No biobanco do Instituto de Medicina Molecular (IMM) de Lisboa, que guarda milhares de amostras de sangue, soro ou tumores para investigação, as doenças ‘ganham’ cores, as das tampas dos tubinhos que as ‘conservam’ congeladas em potes a fumegar.
Passando uma porta, logo à entrada, Fabiana Rodrigues, técnica responsável pela gestão de pedidos de amostras, extrai com uma pipeta porções de soro recolhidas de doentes com artrite reumatoide, uma doença autoimune e uma das várias patologias crónicas representadas no biobanco.
O pedido de amostras de soro de doentes com artrite reumatoide chegou de um investigador que, como noutras situações, pretende testar um medicamento ou pesquisar novos biomarcadores da doença.

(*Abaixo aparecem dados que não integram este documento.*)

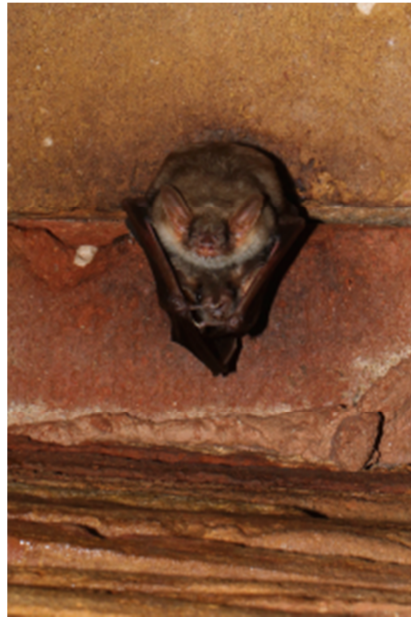
Le Petit murin – 1307 Myotis blythii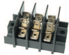
■ FSB 3 Bestell-Nr.: 6 1388 6033

Aufschraubbarer Flachsteckblock. für Flachstecker 6,3 mm. 3 getrennte Potentiale mit je 4 Steckmöglichkeiten. Max. 25A.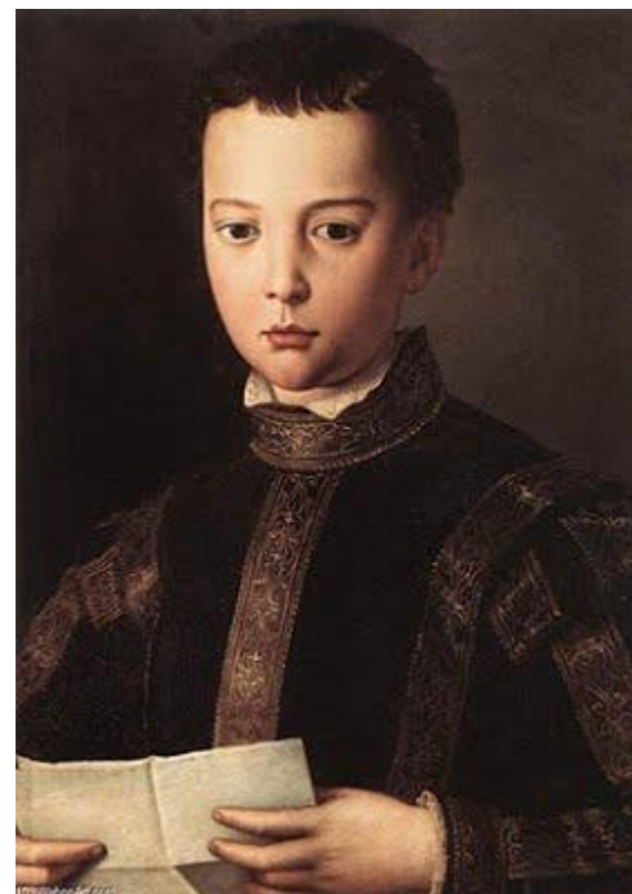
Retrato de Francesco I de Médici (1551), por Agnolo Bronzino https://pt.wahooart.com/@/8Y3UP6-Agnolo-Bronzino-Retrato-de-Francesco-de-Medici

Durante o século XV, o retrato tornou-se um dos gêneros mais importantes da pintura. No Renascimento Italiano, a produção expandiu-se de modo antropocentrista. A burguesia e seus(suas) mecenas utilizaram a arte como símbolo de ascensão e o retrato foi bastante difundido por essa classe. Caravaggio, no entanto, no século XVII, com seu realismo barroco, subverte as normas de representação ao pintar retratos de pessoas do povo.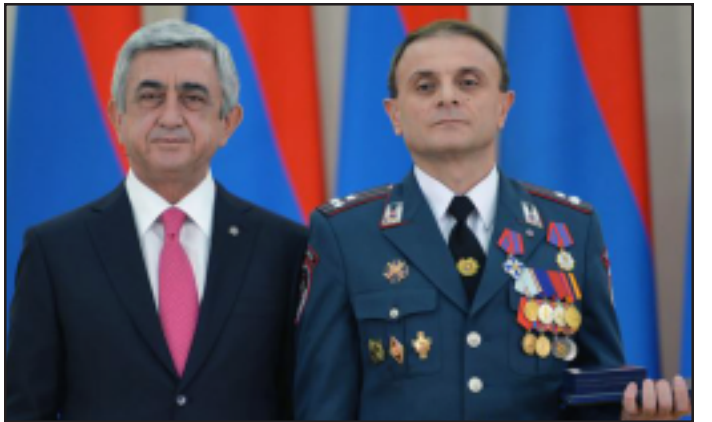
Սերժ Սարգսեան եւ Վալերի Օսիպեան պարգևատրում են

Երեւանի փոխստիկանապետ Վալերի Օսիպեանը պարգևատրուեց «Հայրենիքին մատուցած ծառայութիւնների համար» երկրորդ աստիճանի մեդալով, Քննչական կոմիտէի նախագահի տեղակալ, «Մարտի 1»-ի գործով քննչական խմբի նախկին ղեկավար Վահագն Յարութիւնեանին էլ շնորհուեց արդարադատութեան գեներալ-մայորի կոչում:

Por trás de Fabiana Rodrigues, em cima de prateleiras, dispõem-se frascos com as tampas coloridas de pequenos tubos de plástico que hão de receber as novas amostras que chegarem ao biobanco.
Ângela Afonso, uma outra técnica, que faz a gestão da base de dados, explica que, para facilitar o trabalho, as diferentes doenças, às quais estão associadas as amostras, são identificadas pela cor das tampas dos tubinhos.
O laranja é para os canceres, o verde para os acidentes vasculares cerebrais e outras doenças neurológicas, o castanho para as pulmonares, o azul para as relacionadas com o movimento, o rosa para as patologias do sangue, o preto para as do aparelho gástrico, o roxo e o vermelho para as reumáticas. Há ainda as tampas amarelas para as amostras de material biológico de crianças e as transparentes para as amostras de doadores saudáveis.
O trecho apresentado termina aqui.